Now, I’m not advocating that teens be allowed to see EVERYTHING that comes along. That would be just as foolish as not letting them see anything. But I think lowering the R rating would make parents more aware of their responsibility to make informed choices. They will still have the option of saying, “no, I don’t want you to see that movie.” But they might actually use it if they think there’s a chance their kids might see something truly objectionable. Put a little fear into them and maybe they’ll start doing their jobs again.

This way, the system would shift just enough to make a difference. Films that are relatively tame and harmless would go back to getting a PG – stuff like Mean Girls and National Treasure would fall into that category. But here’s the catch; the truly “adult” films, that teens really shouldn’t see, could be given an NC-17 (or whatever arbitrary number they choose to enforce). That way, the teens can have their movies and the adults can have ours. And the NC-17 rating would finally mean something to people besides being wrongly confused with pornography. It would actually be used and enforced, because the studios and theater chains wouldn’t have any choice.

Best of all, the studios wouldn’t feel the need to cut R-rated movies down to a PG-13 to appeal to the 13-16-year-old ticket buyers. They wouldn’t have to.

Of course I realize that the conservative watchdogs would never allow this to happen, at least not without a fight. I get a headache just thinking about the uproar this would cause.

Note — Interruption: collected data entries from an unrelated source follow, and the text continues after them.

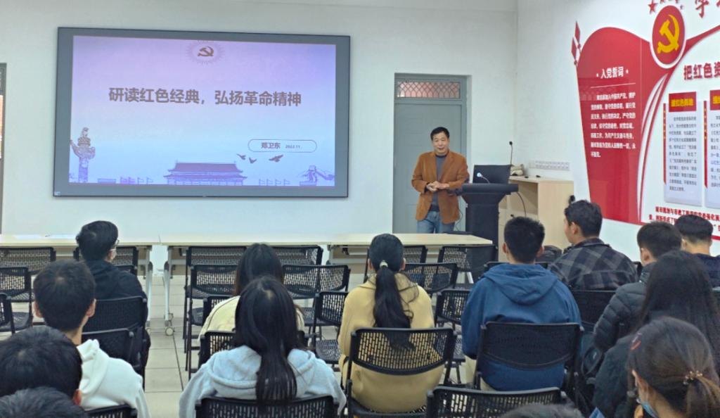为进一步发挥学院红色文化学习班在学习宣传贯彻党的二十大精神中的重要作用,11月24日下午,学院党委邀请原校纪委副书记郑卫东副教授结合党的二十大报告为学习班学员做了题为“研读红色经典 弘扬革命精神”的主题报告,学习班全体学员参加了报告会。
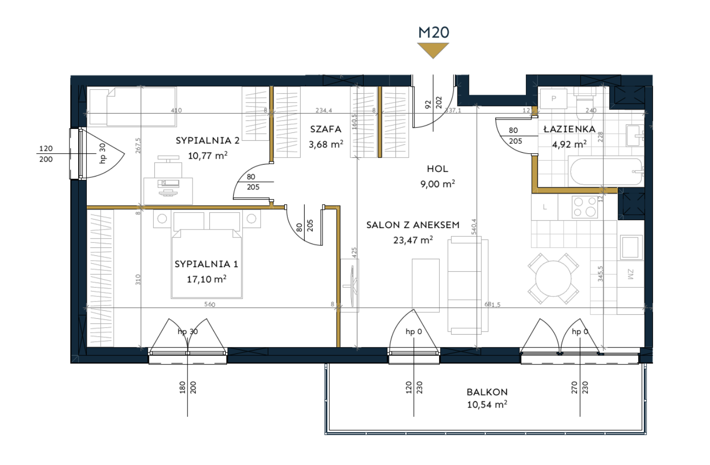 - Salon z aneksem (23,47 m²)
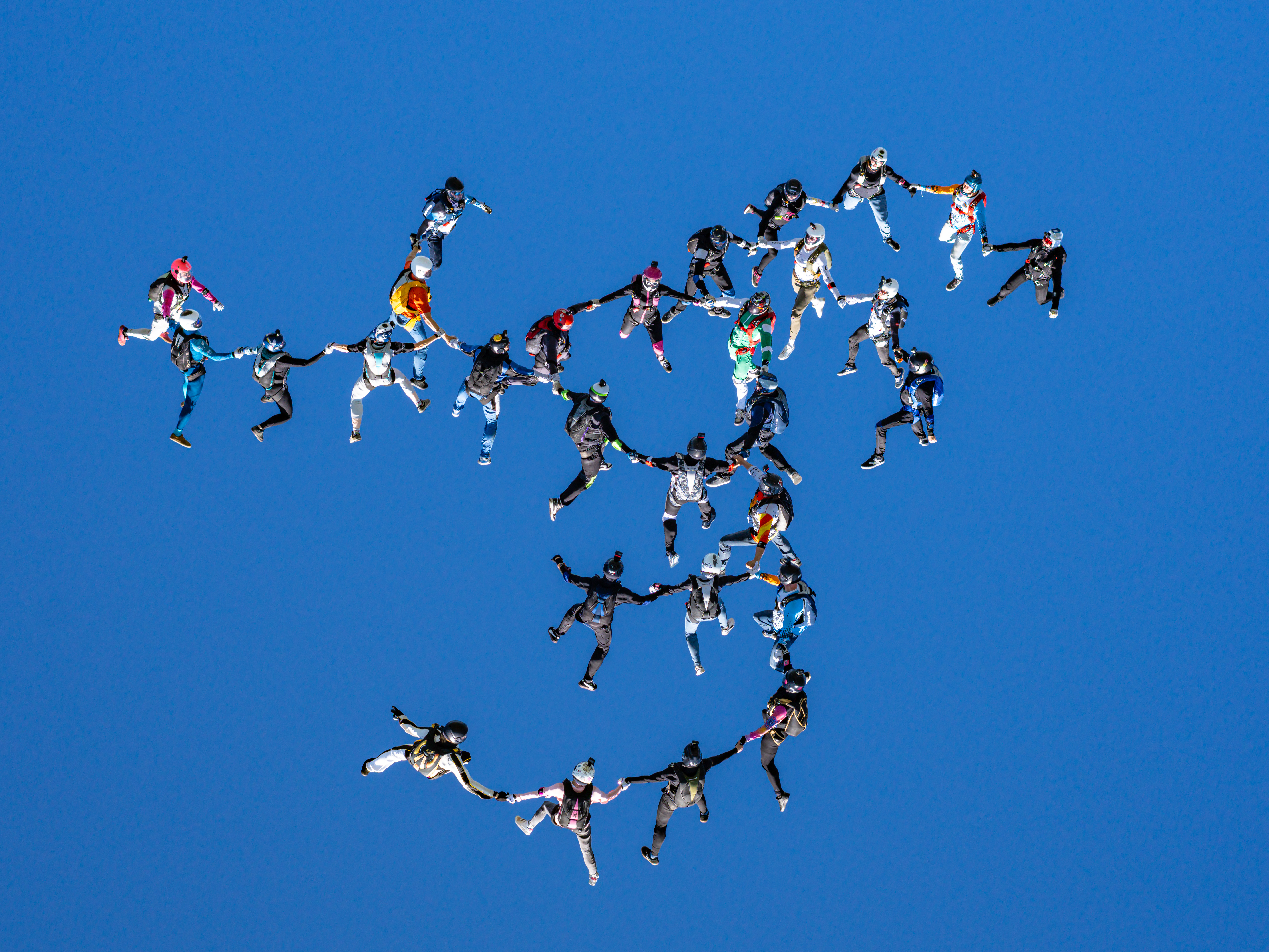 Keskiviikkopäivä jatkui vielä 30-way-hypyllä, joka myös saatiin kokoon. Näin uusi ennätys on 30 hyppääjän head-down-muodostelma.
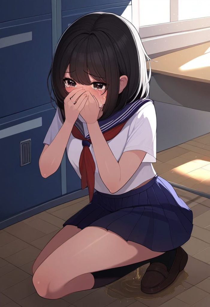 {best quality}, {very aesthetic}, {ultra-detailed}, {best illustration}, nsfw, girl, solo, full body, medium hair ,black hair, black eyes, upset, cry, red face, covering mouth with palms, embarrassing, high school uniform, [[peeing]], class room
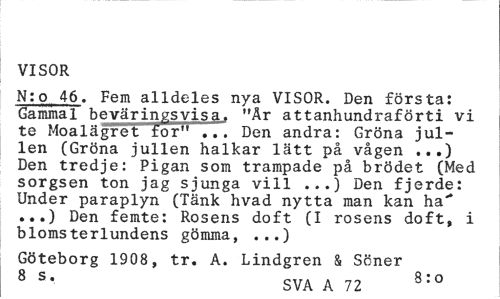 //// VISOR //// N:o 46. Fem alldeles nya VISOR. Den första: Gammal beväringsvisa.. "År attanhundraförti vi te Moalägret for" ... Den andra: Gröna jullen (Gröna jullen halkar lätt på vågen Den tredje: Pigan som trampade på brödet (Med sorgsen ton jag sjunga vill ...) Den fjerde: Under paraplyn (Tänk hvad nytta man kan ha" ...) Den femte: Rosens doft (I rosens doft, i blomsterlundens gömma, ...) //// Göteborg 1908, tr. A. Lindgren & Söner //// 8 s. SVA A 72 8:0 ////
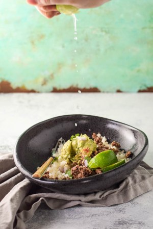 - Prepare the bowls: Top the cauliflower rice with ground beef, guacamole, fresh lime juice and any other of your favorite taco toppings!
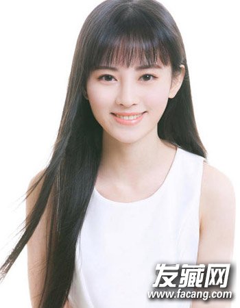 科研的平刘海发型也是很适合圆脸的发型哦,时尚的碎发刘海加上气质的长直发发型不仅有范而且颇显轻熟风,对于圆脸的妹子来说再适合不过了。
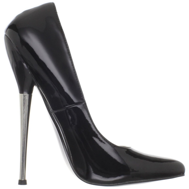devious - dag01/b - 6 1/4 "" (15.9cm) stiletto salto agulha, fetish scarpin com spike stiletto metalcalcanhar. pointed-toe sapatos de mulher scarpin verniz, verso fechado calcanhar frente pontiagudo dedo do pé. brilhante saltos agulha saltos altos, o cama para pés é acolchoado com palmilha para alto conforto. preto material superior feito a partir brilhante envernizado. pleaser devious stiletto sapatos são com amor feito!
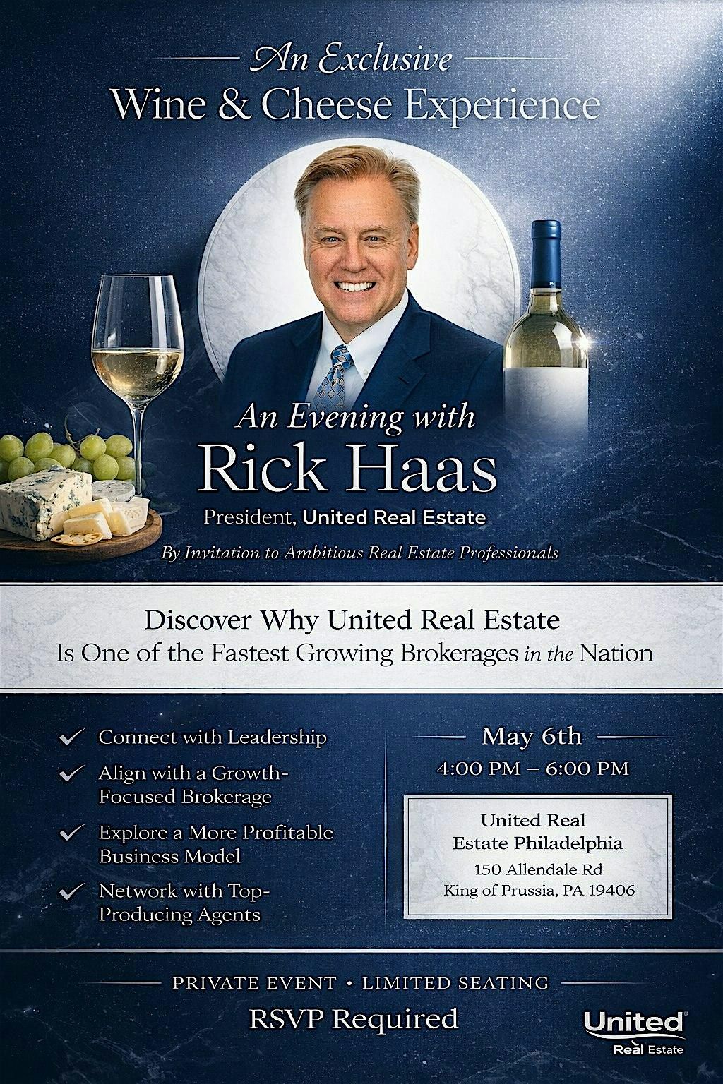 Join Us for Wine and Cheese with Rick Haas, President of United Real Estate
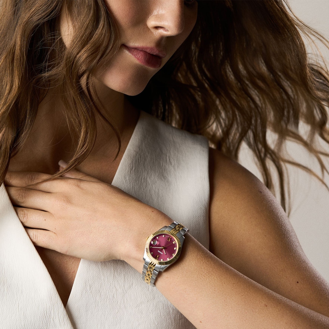 A pink sunray dial adds a vibrant accent to this two-tone watch, complemented by gold-coloured hands and a date window for added functionality. The two-tone case in silver and gold-coloured stainless steel harmonises with the strap, whose interwoven links in silver and gold colours lend the design an elegant touch. A double push-button folding clasp ensures a secure fit and comfortable wear.
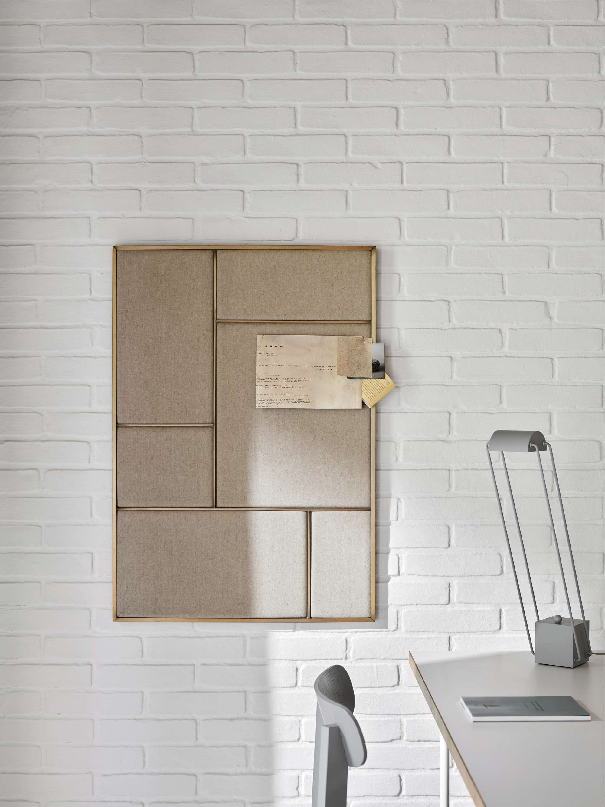 NOUVEAU PIN is a versatile pinboard, perfect for framing your cherished memories— from photos to concert tickets. Or why not use it as your personal mood board? The board is built around a rectangular grid, inspired by the clean lines of modern urban architecture and the Art Nouveau style. NOUVEAU PIN is available in three sizes, all designed with a shared dimension on one side, allowing you to choose a single pinboard or combine multiple ones to create a pattern that suits your needs—whether at home or in the office. A gripping edge runs along all four sides, fitting seamlessly with the included mounting brackets. Additionally, the board has a sound-absorbing effect, helping create a calm and peaceful atmosphere.
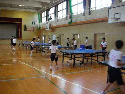 体育館では、卓球部が練習をしています。
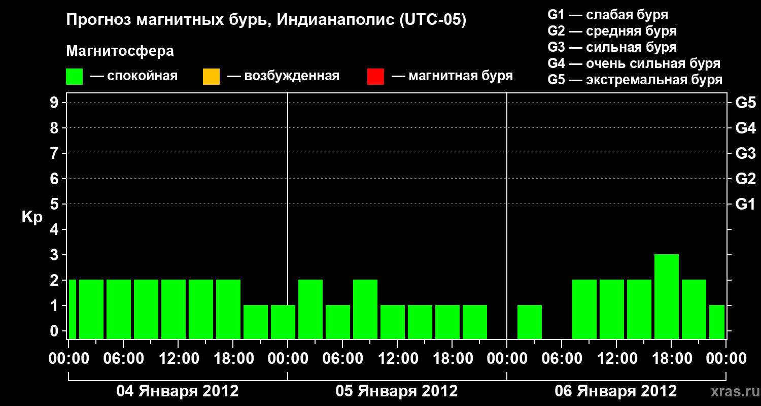 Прогноз магнитных бурь в Индианаполисе на 4 января 2012 года
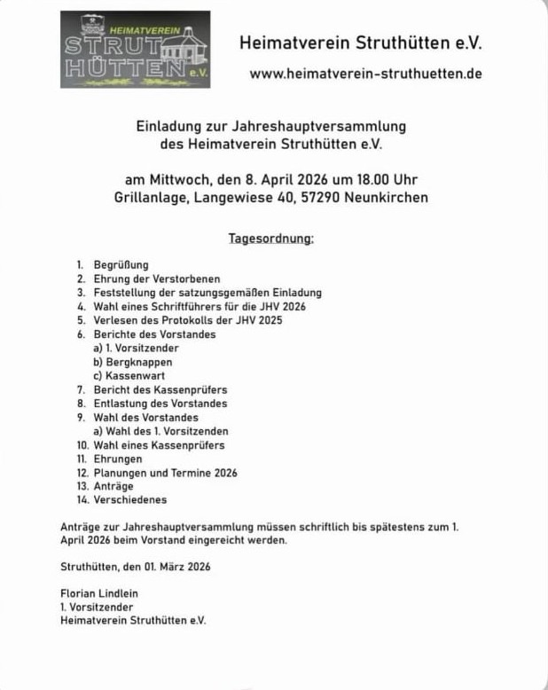 Grillanlage Langewiese 40, 57290 Neunkirchen-Struthütten, NRWHerzliche Einladung an alle Mitglieder zur Jahreshauptversammlung 2026! 8. April 2026 um 18 Uhr in der Grillanlage im Kunstertal Wir freuen uns über zahlreiches Erscheinen. Im Nachgang gibt’s noch Wurst, Getränke und ein gemütliches Zusammensitzen. #heimatvereinstruthütten #liebedeineheimat #ehrenamtverbindet
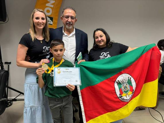 O estudante Luiz Gustavo Dias de Carvalho, do 2º Ano B do 2º Ciclo da Escola Municipal de Ensino Fundamental Paulo Freire, em Santo Cristo (RS), conquistou a medalha de ouro na Olimpíada Nacional de Ciências (ONC) e recebeu a premiação em solenidade realizada no dia 3 de novembro, em Brasília.
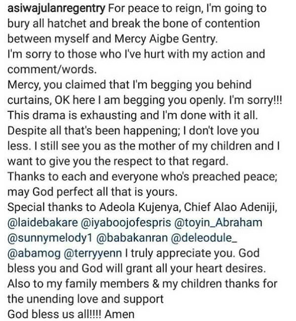 Mercy Aigbe’s estranged husband, Lanre Gentry, has publicly apologised to her, adding that he was tired of the negative publicity and wanted to bury the hatchet.

So here’s another solution: we all collectively agree to let the teens see “their” movies, the ones that are aimed specifically at them. If a movie looks like it was made for 13-year-olds, it probably was. It’s not hard to differentiate them. And we keep “our” adult-themed films for ourselves.

Think about this; how many teenagers were really dying to see Bertolucci’s The Dreamers? As chock-full of sex and nudity as it was…not many. That’s not just because it was rated NC-17 – it’s because nobody told them about it. Teenagers generally aren’t aware of anything outside their own myopic demographic stratosphere. How many teens are clamoring to get in to see Closer or Kinsey? My guess is, not many. Because, just like with my 7-year-old nephew, these films aren’t for them. They don’t run tons of ads for these films on MTV or The O.C. They’re too “serious” and “adult”, which equals “boring” in teen minds. If they knew what was actually going on in these movies, they might take a different view. But they don’t know. They haven’t got a clue.

We can use this to our advantage, people. It may seem like a lot of work, but it’s the best choice we have. You’re a parent and you want to keep your teens away from an R-rated movie? Tell them you think it looks good, and you want to go with them. They won’t go near that movie with a ten-foot pole.